Coalition Forces Used Chemical and Biological Weapons in Iraq

Colin Powell Lies at United NationsAs well as Depleted Uranium, we’re also seeing reports of chemical and biological weapons having been used by coalition forces in Iraq by BSN Editor

How cruelly ironic that it was our leaders claims that the Iraqi government possessed these types of weapons with a capability to attack UK interests within 45 minutes that was sold as the primary reason for the Iraq war.

American documentary film-maker, Mark Manning, told of “American forces deploying – in violation of international treaties – napalm, chemical weapons, phosphorous bombs, and ‘bunker-busting’ shells laced with depleted uranium. Use of any of these against civilians is a violation of international law.”

…US marines have already +admitted+ that they have used an upgraded version of napalm. A weapon which uses kerosene rather than petrol was deployed when dozens of bombs were dropped near bridges over the Saddam Canal and the Tigris river, south of Baghdad. Andrew Buncombe reported in the Independent on Sunday: ‘We napalmed both those bridge approaches,’ said Colonel James Alles, commander of Marine Air Group 11.

“‘Unfortunately there were people there… you could see them in the cockpit video. They were Iraqi soldiers. It’s no great way to die. The generals love napalm. It has a big psychological effect.'” (Buncombe, ‘US admits it used napalm bombs in Iraq,’ Independent on Sunday, August 10, 2003)’

FALLUJAH BIRTH DEFECTBBC Worldwide Monitoring picked up this report by one London-based Arabic news agency of “US military aircraft bombarded a number of neighbourhoods that had fallen into the hands of gunmen such as the Al-Askari neighbourhood, which was the target  a fierce aerial attack. B-52 bombers capable of dropping bombs weighing up to a tonne were used for the first time in recent battles and dropped a number of shells and cluster bombs on the city.” (Quds Press news agency, ‘Iraqi gunmen claim to regain control of Al-Fallujah districts,’ December 12, 2004)

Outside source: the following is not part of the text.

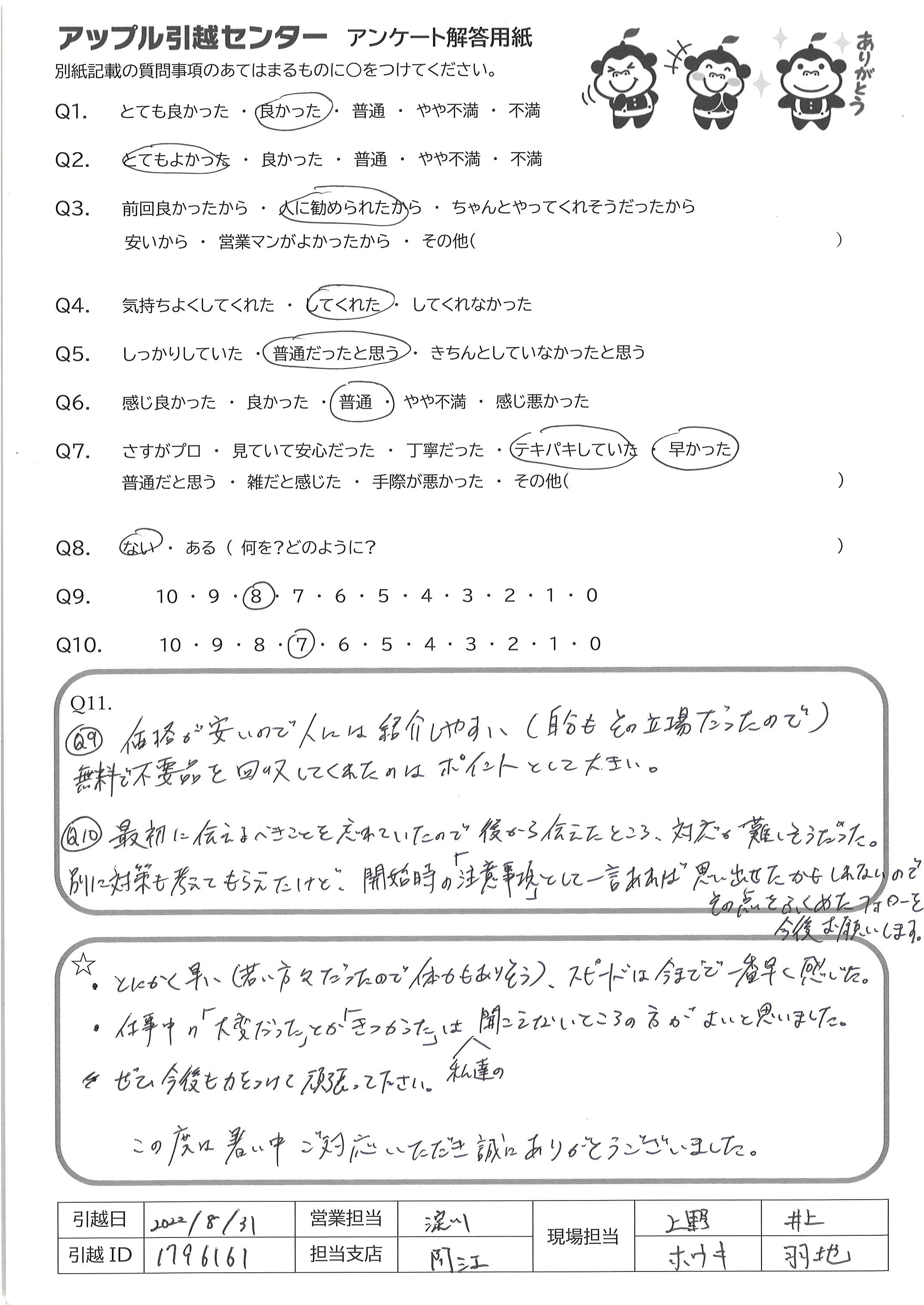 A.・とにかく早い(若い方々だったので体力もありそう)、スピードは今までで一番早く感じた ・仕事中の「大変だった」とか@きつかった」は私達には聞こえないところの方がよいと思いました ぜひ、今後も体力つけて頑張って下さい この度は暑い中、ご対応いただき誠にありがとうございました

On February 22, 2005, BBC Worldwide Monitoring picked up an article in the Iranian press by a Dr Kabak Khabiri entitled: “America’s attack on Fallujah and the Geneva Convention”. The BBC Monitoring Report noted that Dr Khabiri “outlined America’s ‘war crimes’ in Iraq in general and in Fallujah in particular, and said almost all the methods used by the US forces in their military operations clearly contravened the Geneva Convention. The examples given by Dr Khabiri include: attacks on civilians and residential areas; the use of depleted uranium bombs; and torturing prisoners of war and individuals suspected of involvement in terrorism. The article says the US administration has never expressed any regret about the actions of its military forces in Iraq, and instead it has defended these methods. It states that the international organisations and conventions had regrettably no power to face the blatant violations.” (BBC Worldwide Monitoring, February 22, 2005)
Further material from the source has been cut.